Excerpts from a dataset
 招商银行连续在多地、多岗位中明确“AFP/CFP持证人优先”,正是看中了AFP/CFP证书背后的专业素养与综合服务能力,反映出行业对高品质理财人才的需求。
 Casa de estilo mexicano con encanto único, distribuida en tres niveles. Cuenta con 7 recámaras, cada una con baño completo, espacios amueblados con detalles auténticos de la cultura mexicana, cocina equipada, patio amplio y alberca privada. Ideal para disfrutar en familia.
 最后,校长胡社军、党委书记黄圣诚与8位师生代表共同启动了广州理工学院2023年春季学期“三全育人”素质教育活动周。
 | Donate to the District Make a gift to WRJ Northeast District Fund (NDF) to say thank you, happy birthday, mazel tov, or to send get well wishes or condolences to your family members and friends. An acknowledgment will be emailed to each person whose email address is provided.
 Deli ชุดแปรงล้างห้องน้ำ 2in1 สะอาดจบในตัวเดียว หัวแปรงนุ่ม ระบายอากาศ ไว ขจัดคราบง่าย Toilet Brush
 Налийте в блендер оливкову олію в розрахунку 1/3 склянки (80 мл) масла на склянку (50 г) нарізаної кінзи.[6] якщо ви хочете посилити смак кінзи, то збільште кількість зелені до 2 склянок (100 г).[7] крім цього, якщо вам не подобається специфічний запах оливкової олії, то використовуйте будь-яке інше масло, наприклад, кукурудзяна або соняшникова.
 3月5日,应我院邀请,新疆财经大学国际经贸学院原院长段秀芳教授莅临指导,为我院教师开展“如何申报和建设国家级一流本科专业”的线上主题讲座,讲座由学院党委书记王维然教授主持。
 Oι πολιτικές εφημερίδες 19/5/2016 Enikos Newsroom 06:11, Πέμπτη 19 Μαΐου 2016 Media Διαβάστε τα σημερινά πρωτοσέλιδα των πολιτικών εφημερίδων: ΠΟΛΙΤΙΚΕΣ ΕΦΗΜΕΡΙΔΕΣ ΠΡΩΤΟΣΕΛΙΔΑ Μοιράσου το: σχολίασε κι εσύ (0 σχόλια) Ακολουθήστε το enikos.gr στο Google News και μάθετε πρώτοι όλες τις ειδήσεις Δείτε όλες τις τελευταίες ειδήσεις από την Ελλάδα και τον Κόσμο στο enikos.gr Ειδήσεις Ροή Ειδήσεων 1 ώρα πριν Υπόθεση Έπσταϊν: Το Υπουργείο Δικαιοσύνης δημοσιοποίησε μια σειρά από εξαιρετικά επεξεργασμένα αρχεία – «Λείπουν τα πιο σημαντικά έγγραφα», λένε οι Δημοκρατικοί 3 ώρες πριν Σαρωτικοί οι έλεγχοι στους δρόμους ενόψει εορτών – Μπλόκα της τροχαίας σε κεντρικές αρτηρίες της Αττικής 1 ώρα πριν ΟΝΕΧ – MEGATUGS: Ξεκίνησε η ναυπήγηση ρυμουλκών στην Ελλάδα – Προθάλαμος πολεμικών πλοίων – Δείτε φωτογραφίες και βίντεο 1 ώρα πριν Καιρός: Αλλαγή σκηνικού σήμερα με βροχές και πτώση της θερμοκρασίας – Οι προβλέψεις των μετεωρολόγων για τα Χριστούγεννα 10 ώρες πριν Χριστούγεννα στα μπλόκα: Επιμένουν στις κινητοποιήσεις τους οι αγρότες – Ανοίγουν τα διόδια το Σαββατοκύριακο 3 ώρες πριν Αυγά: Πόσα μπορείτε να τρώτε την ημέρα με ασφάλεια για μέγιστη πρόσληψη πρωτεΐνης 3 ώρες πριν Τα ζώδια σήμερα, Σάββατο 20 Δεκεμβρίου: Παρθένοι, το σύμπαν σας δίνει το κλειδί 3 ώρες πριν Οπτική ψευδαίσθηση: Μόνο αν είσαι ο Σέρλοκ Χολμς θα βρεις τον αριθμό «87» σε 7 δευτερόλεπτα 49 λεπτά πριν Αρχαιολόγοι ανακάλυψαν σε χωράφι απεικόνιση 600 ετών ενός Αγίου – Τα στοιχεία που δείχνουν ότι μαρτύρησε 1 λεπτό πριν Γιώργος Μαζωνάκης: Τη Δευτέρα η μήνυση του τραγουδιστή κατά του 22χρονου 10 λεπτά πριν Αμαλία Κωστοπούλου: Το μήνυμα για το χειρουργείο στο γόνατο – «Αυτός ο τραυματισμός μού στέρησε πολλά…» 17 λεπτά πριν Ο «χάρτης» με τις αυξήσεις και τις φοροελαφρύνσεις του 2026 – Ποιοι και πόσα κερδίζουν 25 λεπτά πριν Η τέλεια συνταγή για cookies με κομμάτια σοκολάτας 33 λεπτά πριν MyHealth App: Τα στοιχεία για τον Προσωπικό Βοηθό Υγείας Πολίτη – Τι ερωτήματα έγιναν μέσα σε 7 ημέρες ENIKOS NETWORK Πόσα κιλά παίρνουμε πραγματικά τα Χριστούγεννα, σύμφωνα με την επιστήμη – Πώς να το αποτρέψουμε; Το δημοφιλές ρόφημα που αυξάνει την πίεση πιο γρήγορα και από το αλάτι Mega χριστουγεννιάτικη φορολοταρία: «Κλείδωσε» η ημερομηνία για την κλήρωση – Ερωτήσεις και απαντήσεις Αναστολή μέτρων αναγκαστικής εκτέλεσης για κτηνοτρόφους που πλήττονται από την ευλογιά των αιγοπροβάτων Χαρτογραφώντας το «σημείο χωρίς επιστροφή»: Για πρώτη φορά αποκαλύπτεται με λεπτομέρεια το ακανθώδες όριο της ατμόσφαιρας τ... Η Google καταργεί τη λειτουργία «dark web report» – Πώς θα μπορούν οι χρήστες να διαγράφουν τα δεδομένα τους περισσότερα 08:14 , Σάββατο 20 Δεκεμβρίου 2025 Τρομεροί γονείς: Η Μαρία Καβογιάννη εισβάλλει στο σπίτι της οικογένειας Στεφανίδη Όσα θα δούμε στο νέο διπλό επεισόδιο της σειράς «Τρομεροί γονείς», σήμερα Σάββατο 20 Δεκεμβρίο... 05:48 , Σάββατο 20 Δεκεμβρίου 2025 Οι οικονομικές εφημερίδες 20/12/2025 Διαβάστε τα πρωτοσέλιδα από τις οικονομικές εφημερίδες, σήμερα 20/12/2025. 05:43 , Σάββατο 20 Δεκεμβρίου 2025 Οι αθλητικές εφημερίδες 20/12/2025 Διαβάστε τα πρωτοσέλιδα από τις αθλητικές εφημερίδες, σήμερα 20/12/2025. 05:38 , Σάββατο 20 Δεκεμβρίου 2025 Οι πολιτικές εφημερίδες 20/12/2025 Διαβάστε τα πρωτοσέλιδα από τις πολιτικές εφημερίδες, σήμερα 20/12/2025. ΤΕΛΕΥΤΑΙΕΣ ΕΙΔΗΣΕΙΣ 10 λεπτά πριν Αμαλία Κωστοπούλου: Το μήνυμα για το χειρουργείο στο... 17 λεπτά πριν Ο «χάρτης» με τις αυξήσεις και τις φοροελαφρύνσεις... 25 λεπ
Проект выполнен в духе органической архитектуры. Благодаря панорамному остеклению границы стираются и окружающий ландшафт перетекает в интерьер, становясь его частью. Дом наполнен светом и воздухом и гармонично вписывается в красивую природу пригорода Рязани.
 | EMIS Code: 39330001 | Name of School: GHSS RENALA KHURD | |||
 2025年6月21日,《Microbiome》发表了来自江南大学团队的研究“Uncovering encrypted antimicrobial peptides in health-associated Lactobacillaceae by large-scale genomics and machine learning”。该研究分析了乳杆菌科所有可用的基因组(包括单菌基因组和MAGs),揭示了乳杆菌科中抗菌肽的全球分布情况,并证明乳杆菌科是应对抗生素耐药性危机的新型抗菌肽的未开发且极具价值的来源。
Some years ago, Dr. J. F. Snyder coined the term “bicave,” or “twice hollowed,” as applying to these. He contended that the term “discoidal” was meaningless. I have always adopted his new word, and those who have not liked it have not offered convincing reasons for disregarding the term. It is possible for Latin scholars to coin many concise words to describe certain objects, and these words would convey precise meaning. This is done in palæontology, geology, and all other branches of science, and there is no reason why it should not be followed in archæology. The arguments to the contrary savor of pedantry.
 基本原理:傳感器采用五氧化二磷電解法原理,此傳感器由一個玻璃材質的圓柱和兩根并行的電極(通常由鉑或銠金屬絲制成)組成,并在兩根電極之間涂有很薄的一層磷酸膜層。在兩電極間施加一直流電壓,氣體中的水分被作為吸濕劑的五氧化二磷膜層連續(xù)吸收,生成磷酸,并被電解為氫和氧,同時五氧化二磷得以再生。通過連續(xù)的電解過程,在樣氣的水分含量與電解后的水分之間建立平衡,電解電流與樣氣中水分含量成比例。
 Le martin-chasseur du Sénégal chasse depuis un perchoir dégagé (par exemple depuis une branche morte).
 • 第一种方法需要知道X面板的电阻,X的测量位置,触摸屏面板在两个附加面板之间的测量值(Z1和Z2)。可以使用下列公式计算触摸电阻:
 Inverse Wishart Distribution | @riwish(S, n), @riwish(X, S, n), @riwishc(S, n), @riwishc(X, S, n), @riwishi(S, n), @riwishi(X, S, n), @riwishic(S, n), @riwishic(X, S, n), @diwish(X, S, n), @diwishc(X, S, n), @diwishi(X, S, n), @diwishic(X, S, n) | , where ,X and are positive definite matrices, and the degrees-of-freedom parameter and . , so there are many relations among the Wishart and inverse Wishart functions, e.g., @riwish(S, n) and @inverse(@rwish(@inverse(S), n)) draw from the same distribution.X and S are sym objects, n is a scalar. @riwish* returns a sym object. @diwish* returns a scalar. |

ABOUT THIS EXERCISE: Only the lines from the first line of the records through the line with "address is provided." should be reproduced, exactly and with nothing added.

REPLY TO THE EXERCISE:
 招商银行连续在多地、多岗位中明确“AFP/CFP持证人优先”,正是看中了AFP/CFP证书背后的专业素养与综合服务能力,反映出行业对高品质理财人才的需求。
 Casa de estilo mexicano con encanto único, distribuida en tres niveles. Cuenta con 7 recámaras, cada una con baño completo, espacios amueblados con detalles auténticos de la cultura mexicana, cocina equipada, patio amplio y alberca privada. Ideal para disfrutar en familia.
 最后,校长胡社军、党委书记黄圣诚与8位师生代表共同启动了广州理工学院2023年春季学期“三全育人”素质教育活动周。
 | Donate to the District Make a gift to WRJ Northeast District Fund (NDF) to say thank you, happy birthday, mazel tov, or to send get well wishes or condolences to your family members and friends. An acknowledgment will be emailed to each person whose email address is provided.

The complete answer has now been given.